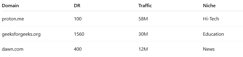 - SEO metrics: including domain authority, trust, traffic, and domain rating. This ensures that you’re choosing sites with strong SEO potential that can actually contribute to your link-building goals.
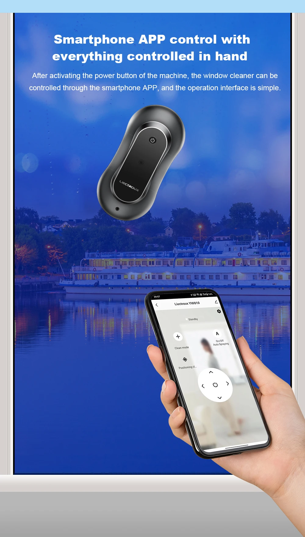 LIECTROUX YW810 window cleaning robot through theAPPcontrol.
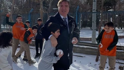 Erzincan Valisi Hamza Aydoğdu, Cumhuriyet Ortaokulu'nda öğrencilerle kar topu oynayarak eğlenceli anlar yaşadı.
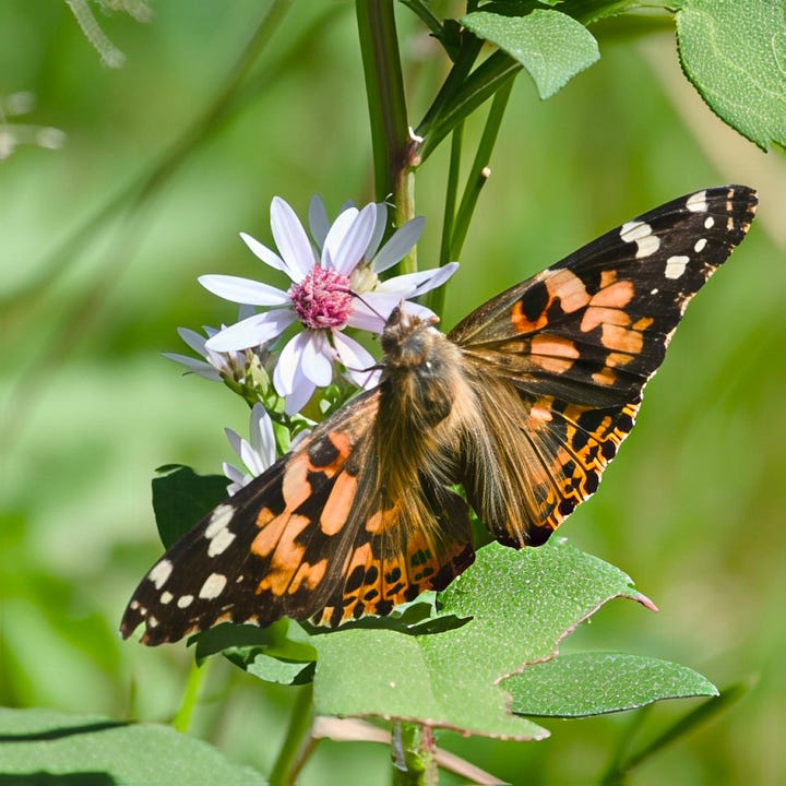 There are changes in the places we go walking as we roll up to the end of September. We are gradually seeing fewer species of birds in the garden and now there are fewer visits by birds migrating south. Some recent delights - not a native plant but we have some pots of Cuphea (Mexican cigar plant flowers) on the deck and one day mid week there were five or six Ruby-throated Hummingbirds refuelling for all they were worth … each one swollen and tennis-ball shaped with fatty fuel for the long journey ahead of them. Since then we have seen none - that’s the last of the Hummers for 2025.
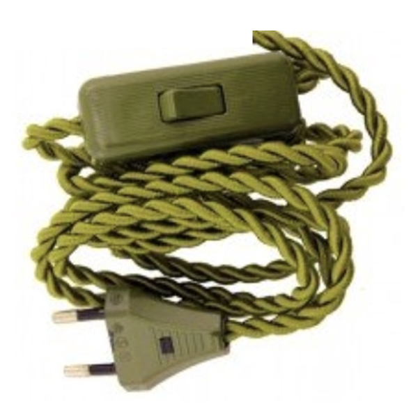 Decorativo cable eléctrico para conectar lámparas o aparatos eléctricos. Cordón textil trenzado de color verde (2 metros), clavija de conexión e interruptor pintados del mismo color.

-- -- --

## About this task
Above are the records; copy every one of them exactly and omit the images.

## Answer to the problem
 - SEO metrics: including domain authority, trust, traffic, and domain rating. This ensures that you’re choosing sites with strong SEO potential that can actually contribute to your link-building goals.
 LIECTROUX YW810 window cleaning robot through theAPPcontrol.
 Erzincan Valisi Hamza Aydoğdu, Cumhuriyet Ortaokulu'nda öğrencilerle kar topu oynayarak eğlenceli anlar yaşadı.
 There are changes in the places we go walking as we roll up to the end of September. We are gradually seeing fewer species of birds in the garden and now there are fewer visits by birds migrating south. Some recent delights - not a native plant but we have some pots of Cuphea (Mexican cigar plant flowers) on the deck and one day mid week there were five or six Ruby-throated Hummingbirds refuelling for all they were worth … each one swollen and tennis-ball shaped with fatty fuel for the long journey ahead of them. Since then we have seen none - that’s the last of the Hummers for 2025.
 Decorativo cable eléctrico para conectar lámparas o aparatos eléctricos. Cordón textil trenzado de color verde (2 metros), clavija de conexión e interruptor pintados del mismo color.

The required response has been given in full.